Single by Lil Pump

from the album Lil Pump
- Released: June 9, 2017
- Genre: Hip hop
- Length: 2:15
- Label: Tha Lights Global; Warner;
- Songwriters: Gazzy Garcia; Jaeqwan Sanders;
- Producer: Terrotuga

Lil Pump singles chronology
| "Flex Like Ouu" (2017) | "D Rose" (2017) | "Molly" (2017) |

Music video
- "D Rose" on YouTube

= D Rose (song) =

Single by Lil Pump

"D Rose" is a song by American rapper Lil Pump, and the third single from his self-titled debut album (2017). It was released on June 9, 2017 through SoundCloud along with his song "Flex Like Ouu", after a music video directed by Cole Bennett was previously released on January 30, 2017. The song is named after basketball player Derrick Rose.

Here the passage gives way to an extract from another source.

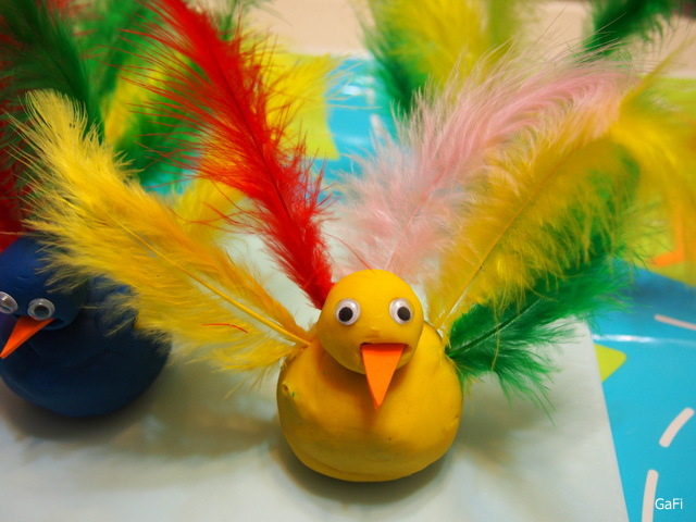 * 各色黏土和羽毛 (貓兒家中剛好有藍、綠、紅和黃色)
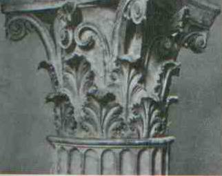 d. Ordinul corinthic, cel mai utilizat in lumea romana, este o varianta modificata a ordinului ionic, capitelul corintic avand echinul de forma unui trunchi de con rasturnat decorat cu motive foliale asezate in doua etaje. Abacul are patru colturi sub care se rasucesc patru volute,insotite de reliefuri figurative animaliere sau antropomorfe din sec al III-lea p. Chr.; intre volute sunt decorate rozete. Mixtura dintre ordinul ionic si cel corintic da nastere, in primul secol imperial, la asa numitul stil compozit (de ex. Arcul lui Titus) iar o alta caracteristica a arhitecturii romane imperiale este alungirea capitelurilor, mai ales a celor corintice.

Along with his songs "Boss" and "Gucci Gang", the song helped Lil Pump gain attention, amassing over 30 million plays on SoundCloud.

==Critical reception==
Paul Thompson of Complex wrote, "'D Rose' is appropriately dreamlike, but the beat does most of the heavy lifting, with Pump's vocals punching in left and right and feeling around for a pocket that never quite reveals itself to him."

==Charts==

| Chart (2017) | Peak position |
|---|---|
| US Bubbling Under Hot 100 (Billboard) | 8 |
| US Hot R&B/Hip-Hop Songs (Billboard) | 48 |

==Certifications==

| Region | Certification | Certified units/sales |
| United States (RIAA) | Platinum | 1,000,000^{‡} |
^{‡} Sales+streaming figures based on certification alone.